TAMPA, Fla. — If you’re driving a newer car, you may like all the technology options, but according to a recent AAA study, a majority of new cars have several safety flaws that could put you at risk of a crash if you’re not paying attention.
While many cars have advanced driving assistance features that help you stay in your lane, maintain your speed and more, it appears many technologically advanced cars aren’t functioning as well as they should.
AAA reports nearly 93 percent of all new cars with advanced driver assistance features have some type of flaw.
After testing five different automaker’s systems they found, on average, most cars encountered an issue every eight miles. Sixty-six percent of the time they hit a simulated disabled vehicle during closed-course testing AAA reports.
“That's alarming because people can become overconfident in these systems,” said Greg Brannon a representative for AAA. “AAA believes this technology is safe if the person that is using it, uses it correctly. I think we've seen some instances where that's not the case.”
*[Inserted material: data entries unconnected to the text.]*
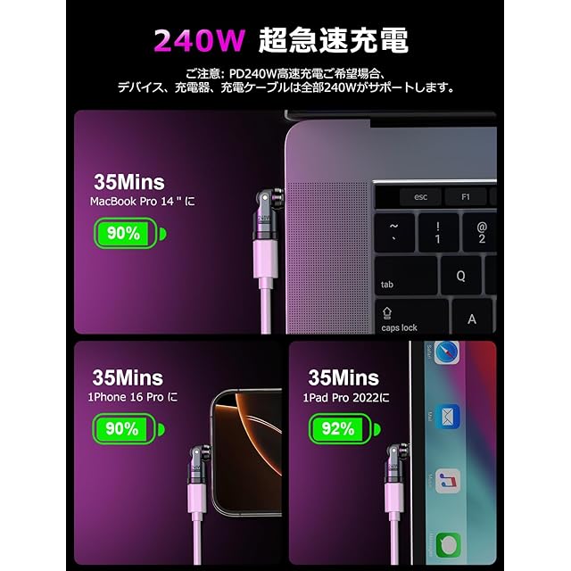 【ご注意】①この製品は充電ケーブルで専用です。②この製品はビデオ出力できません、データ転送がUSB2.0のみサポートします。③この製品はUSBハブ、HDMIなどの機種が接続できません。④この製品は9Pinのシリーズが専用です。⑤PD240W高速充電ご希望場合、デバイス、充電器、充電ケーブルは全部240Wがサポートします。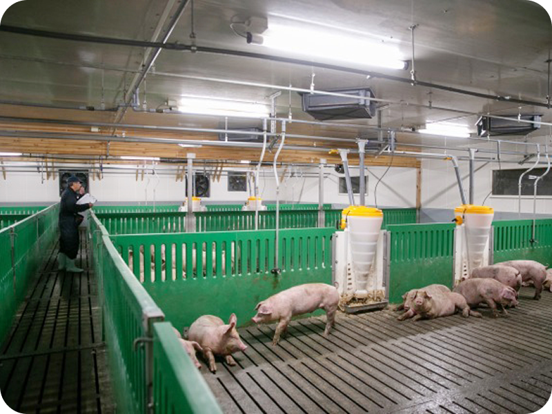防疫面や周囲への臭気対策が強化されたウインドレス構造の豚舎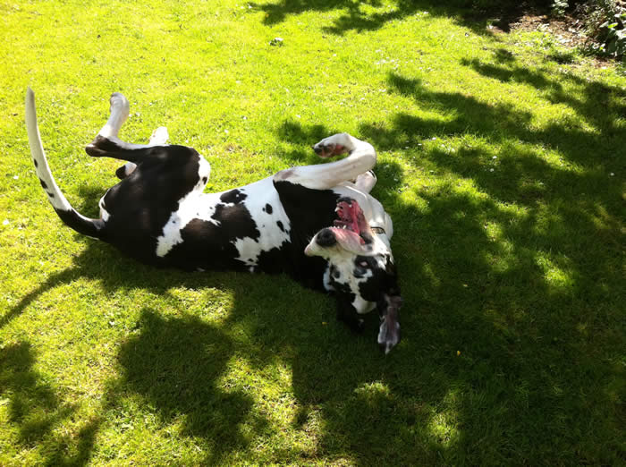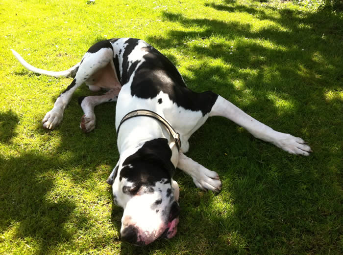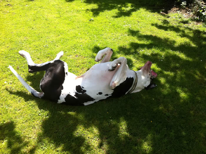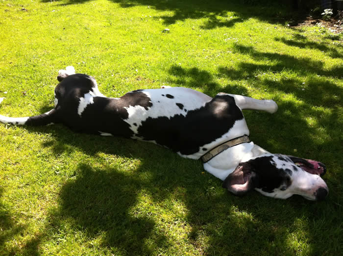 After a game of football, Dave waits patiently for his well earned dinner! Will just have to wait here until my chauffer arrives.....

AAA research finds car systems that automate speed, braking and lane centering seem to have the most flaws. It’s a warning for drivers to use the technology but remain cautious and know the risks.
“Active driving assistance systems may lull drivers into a false sense of security, allowing them to direct their attention away from driving,” said Mark Jenkins, spokesman, AAA – The Auto Club Group. “When using these systems, it’s critical that drivers remain focused on the road, in case you need to intervene. Although these systems are designed to make the roads safer, they’re still in the early stages of development and are not consistent.”
AAA is working to make those safety features better for drivers. It has provided its research to manufactures along with recommendations for improvement. AAA reports more testing of these products needs to be done before they’re released to the public.